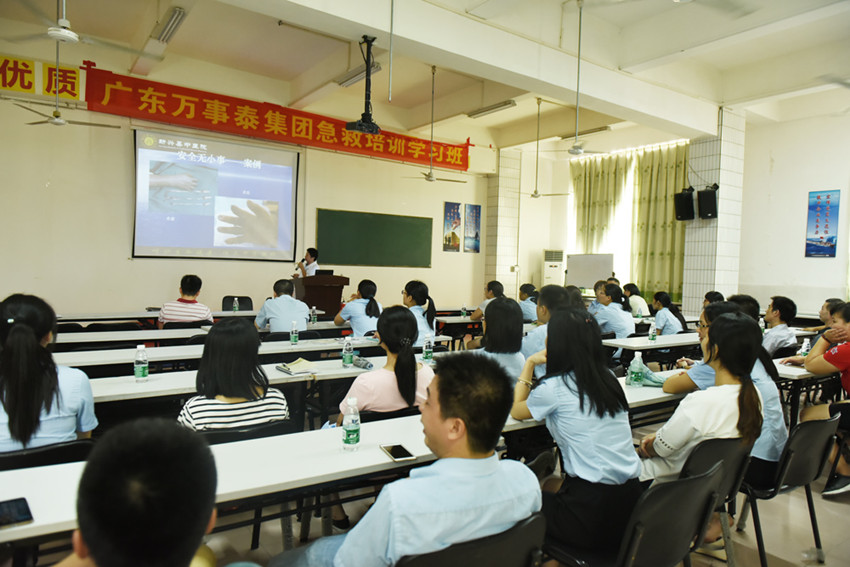 集團(tuán)訊 9月14日下午,萬事泰集團(tuán)貫徹“安全第一、預(yù)防為主、綜合治理”的健康、安全方針,特聯(lián)合新興縣中醫(yī)院在總部食堂三樓培訓(xùn)室開展企業(yè)急救培訓(xùn)班課程,集團(tuán)各部門代表共50多人參加。
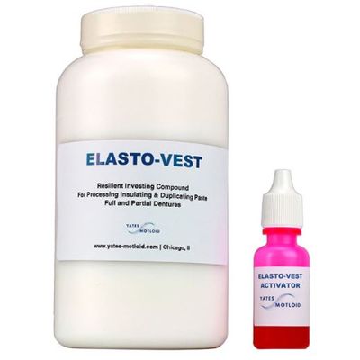 Elasto-Vest Resilient Investing Compound helps in the "break-out" of your acrylic denture work. Elasto-Vest coats, protects and safeguards during the devesting process. For use on acrylic, porcelain & composite teeth.
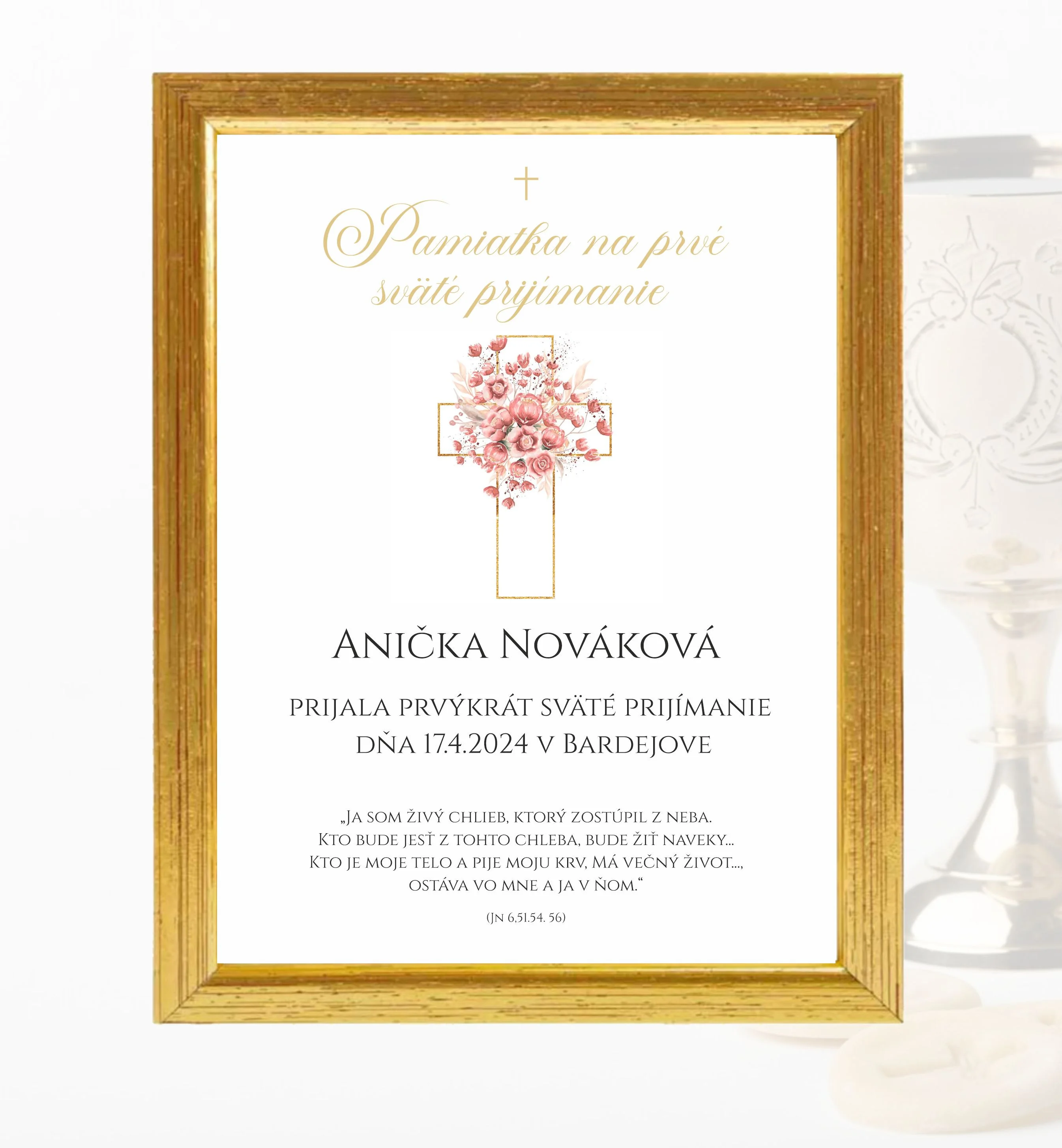 veľkosť: A4materiál: drevený rám zlatou farbou + grafický papier celý popis
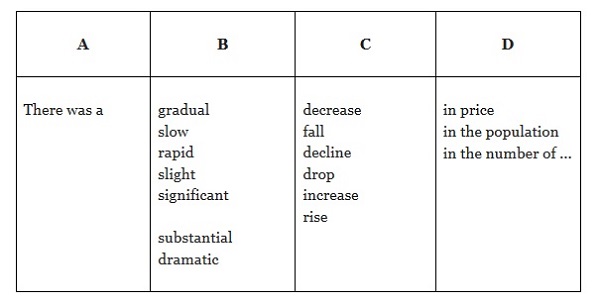 На этом рисунке уже не три, а четыре колонки, где мы добавляем вводную фразу “There was a…”, чтобы добиться обратного порядка слов. Дальше, в колонке B у нас идёт прилагательное, характеризующее характер изменений, в C - существительное, указывающее на тип изменений (увеличение чего-либо, возрастание чего-либо, снижение, спад и так далее), а дальше, в D, то, с чем произошли изменения - цена, число или количество чего-либо и популяция.
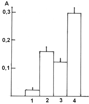Рис. 2. Удельное содержание eNox (плотность оптического по-глощения β-полосы 530нм): из донорской крови, без инкубирования (1) и после инкубирования Hb (до 10x10-6М) in vitro (2), из жидкости асцитной карциномы яичника женщин с давностью заболевания 1,2 года (3) и 3,5 года (4)
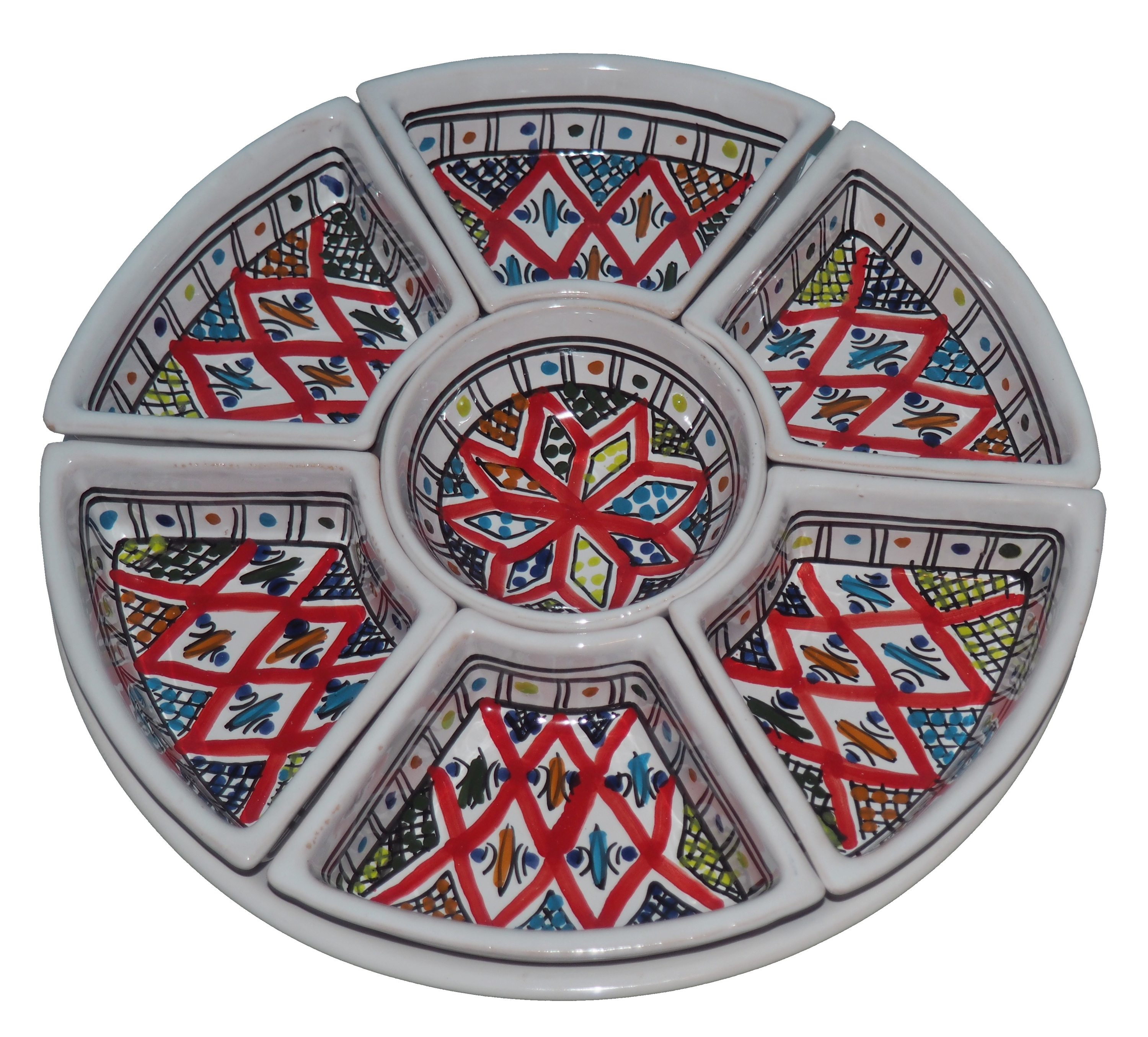 Arabski, ręcznie wykonany i ręcznie malowany zestaw na przystawki, przekąski, dodatki. Może także stanowić talerz dla wieloskładnikowego dania.
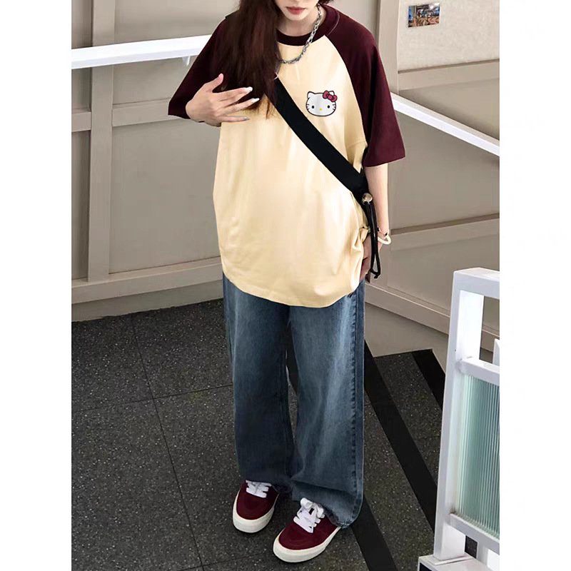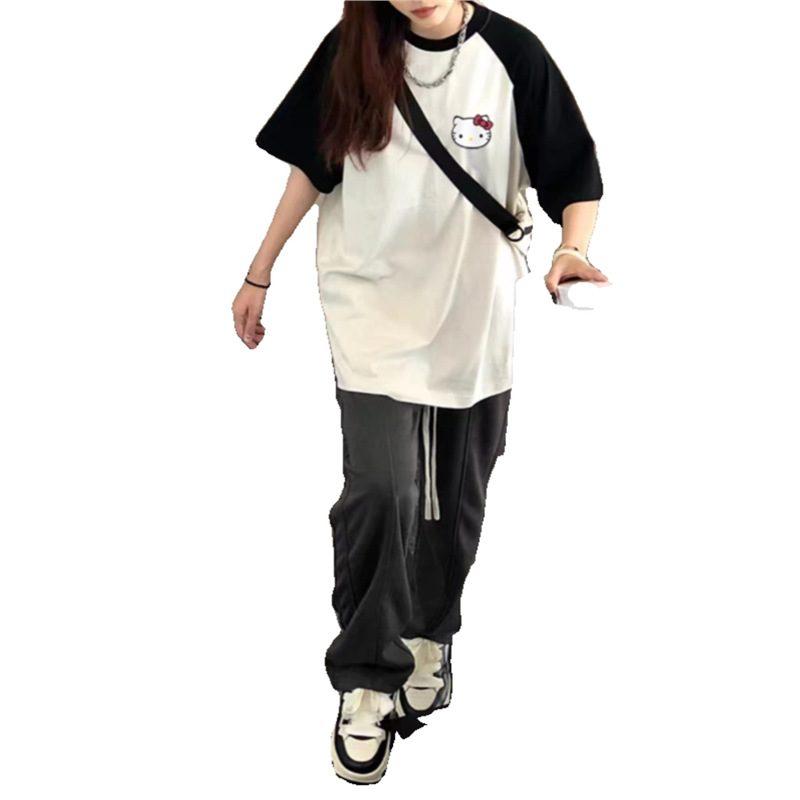 HelloKitty200斤纯棉插肩短袖t恤闺蜜装夏季女大学生宽松显瘦上衣
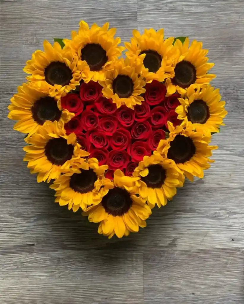 Este vibrante arreglo floral en forma de corazón combina la pasión de las rosas rojas en el centro con la alegría de los girasoles radiantes en el borde. La mezcla de colores cálidos y llamativos simboliza amor y felicidad, haciendo de este diseño un regalo perfecto para expresar emociones profundas y positivas. El contraste entre el rojo intenso de las rosas y el amarillo brillante de los girasoles crea un impacto visual único. para que nos regales tu mensaje de dedicatoria escribenos al whatsapp3171942265
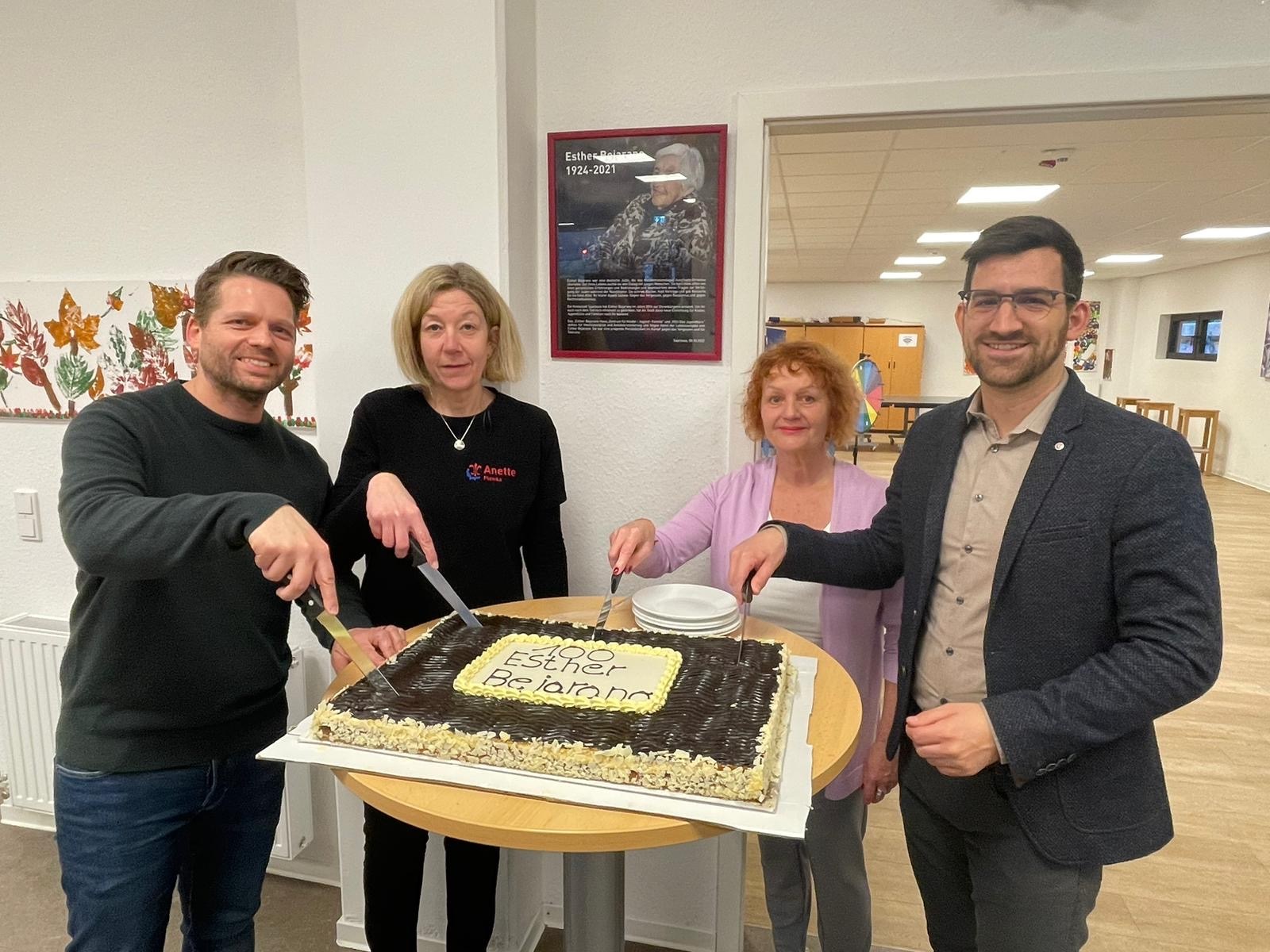 Die Party wurde offiziell eröffnet durch das Anschneiden der Geburtstags-Donauwelle, die Globus Saarlouis eigens für die Feier gebacken hatte. Für Abwechslung auf dem Büfett sorgten vier Frauen aus der Gruppe „Willkommen Mama“, die türkische und arabische Spezialitäten mitgebracht hatten. Das Haus-Team hatte Waffeln und leckere Sandwiches vorbereitet. Bei leckerem Essen und guten Gesprächen kam man immer wieder auf Esther zu sprechen, ihren Mut, ihre Energie und ihren Lebenswillen. Denn das Esther-Bejarano-Haus verkörpert mit seinen unterschiedlichen Angeboten die Ideale und Ziele, für die sie gelebt hat. Esther Bejarano verstarb am 10. Juli 2021. „Gegen das Vergessen“, war einer ihrer Leitsätze. Durch die Aktivitäten der Stadt, im kommenden Jahr soll es eine Esther-Bejarano-Medaille für besondere Verdienste geben, wird sie unvergessen bleiben.
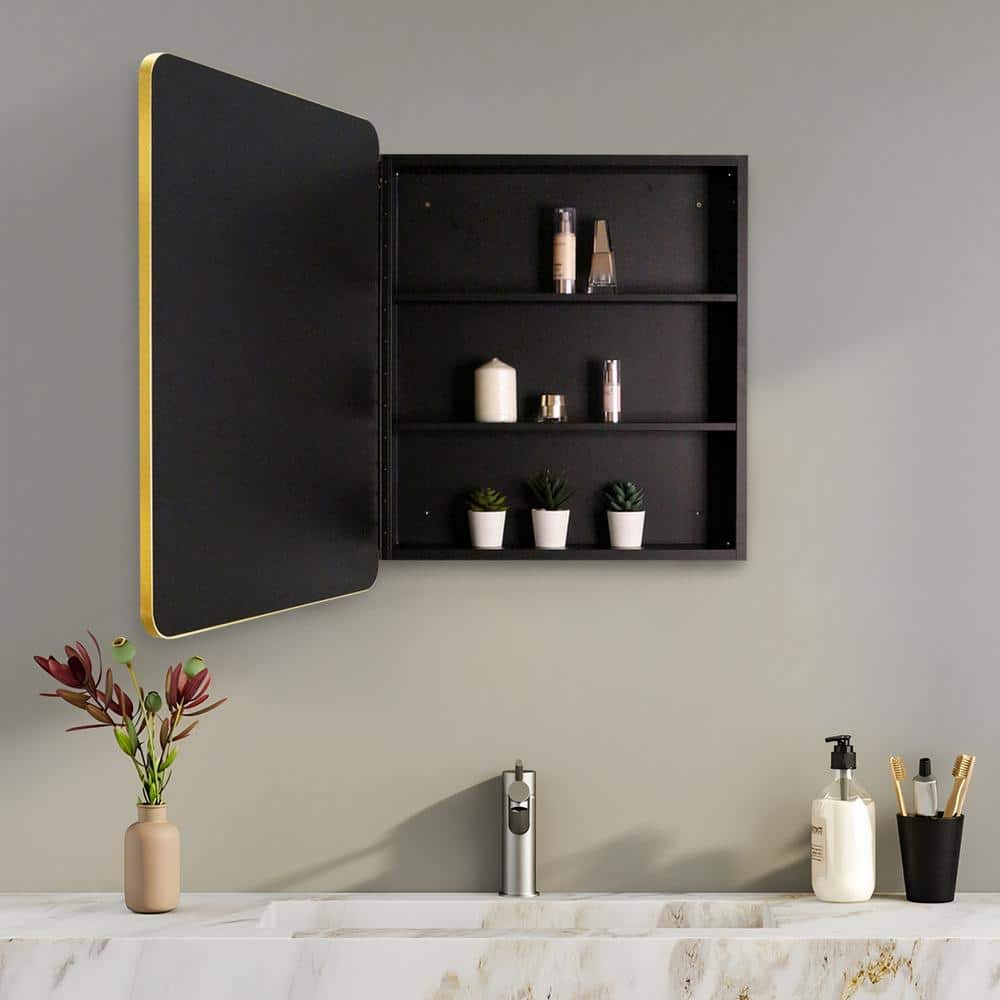 Zeus & Ruta 24 in. W x 30 in. H Rectangular Gold Framed Aluminum Medicine Cabinet with Mirror

# Your goal:
Using the material above, transcribe exactly the lines from the one holding "Elasto-Vest Resilient Investing" to the one holding "Este vibrante arreglo", both ends kept. Do not carry over any pictures.

# Finished task:
 Elasto-Vest Resilient Investing Compound helps in the "break-out" of your acrylic denture work. Elasto-Vest coats, protects and safeguards during the devesting process. For use on acrylic, porcelain & composite teeth.
 veľkosť: A4materiál: drevený rám zlatou farbou + grafický papier celý popis
 На этом рисунке уже не три, а четыре колонки, где мы добавляем вводную фразу “There was a…”, чтобы добиться обратного порядка слов. Дальше, в колонке B у нас идёт прилагательное, характеризующее характер изменений, в C - существительное, указывающее на тип изменений (увеличение чего-либо, возрастание чего-либо, снижение, спад и так далее), а дальше, в D, то, с чем произошли изменения - цена, число или количество чего-либо и популяция.
Рис. 2. Удельное содержание eNox (плотность оптического по-глощения β-полосы 530нм): из донорской крови, без инкубирования (1) и после инкубирования Hb (до 10x10-6М) in vitro (2), из жидкости асцитной карциномы яичника женщин с давностью заболевания 1,2 года (3) и 3,5 года (4)
 Arabski, ręcznie wykonany i ręcznie malowany zestaw na przystawki, przekąski, dodatki. Może także stanowić talerz dla wieloskładnikowego dania.
 HelloKitty200斤纯棉插肩短袖t恤闺蜜装夏季女大学生宽松显瘦上衣
 Este vibrante arreglo floral en forma de corazón combina la pasión de las rosas rojas en el centro con la alegría de los girasoles radiantes en el borde. La mezcla de colores cálidos y llamativos simboliza amor y felicidad, haciendo de este diseño un regalo perfecto para expresar emociones profundas y positivas. El contraste entre el rojo intenso de las rosas y el amarillo brillante de los girasoles crea un impacto visual único. para que nos regales tu mensaje de dedicatoria escribenos al whatsapp3171942265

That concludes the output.